Director Daniel Cook describes the film as ‘primarily a portrait of an Edinburgh resident and unique character. It gives a glimpse into his fantastical life, seemingly existing in a timeless dream-zone, untouched by the contemporary world.’ 

Croan Bee’s home is devoted to beauty and beautiful things. No matter if the ceiling splinters or dishes gather in an overflowing sink. All will be well or should be well is his perspective on things.

Here there is an entire Corinthian pillar, there a mantelshelf of brass candlesticks. A crystal chandalier shines and many candles glow. In book and statuary, there are references to the classical world of Greece and Rome. Almost incidentally in the film, there is a glimpse of a grand piano on which is a photograph of the filmstar Ava Gardner, whom Graham knew during his years in London. 

In salutation to Bee’s distinguished career in floral art in Stockbridge and London, snowdrifts of fleurs immortelles proliferate throughout the flat, and in the film snowy petals gently fall, linking Croan Bee to his winter conversation with Henderson in the great garden of Glassmount House in Fife. This property, coincidentally, is owned by Renee Thomson, who is fondly remembered for her glorious box of delights – Utilities – which preceded Concrete Wardrobe’s emporium on Broughton Street.

‘The piece employs a mixture of “fly-on-the-wall” camera work and short interviews,’ explains Cook, ‘presenting a performative dream world as well as a self-referential meditation on life, memory and filmmaking.’ Its conclusion explains the film’s title, and is a quite sublime coup de théâtre which will live in the memory of all who are privileged to see it.

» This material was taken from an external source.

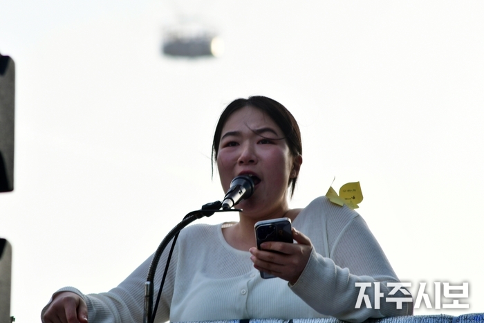 ▲ “자신들의 침략전쟁을 위해 주둔하며 좋은 땅에서 돈 한 푼 안 내고 호의호식, 자기 멋대로 굴며 땅 오염시키고, 자기들 멋대로 범죄 일으켜도 처벌 하나 받지 않은 것이 주한미군 아닌가?” -윤민 한국대학생진보연합 회원. © 박명훈 기자 |

The King and I has won multiple awards worldwide, including: the 2017 John Watson Prize (Scottish National Gallery 2017), Helen A. Bequest Award (Edinburgh University 2017), Talbot Rice Acquisitions Award (Talbot Rice Gallery 2017), and Award of Recognition: Documentary Short (IndieFest Film Awards, California 2017), the Hilton Memorial Award, Glasgow Film Festival 2018, the Hidden Door Jurors’ Prize for Innovation (Hidden Door Festival, Leith, 2018). It has also premiered at the Berlin REC Festival 2017 and the Buddha International Festival in Pune, India 2018).

An excerpt is free to view HEREJohn Ross Maclean

[This is an extended version of the article which appears in August’s Issue 276. All images used here and in print appear with permission.]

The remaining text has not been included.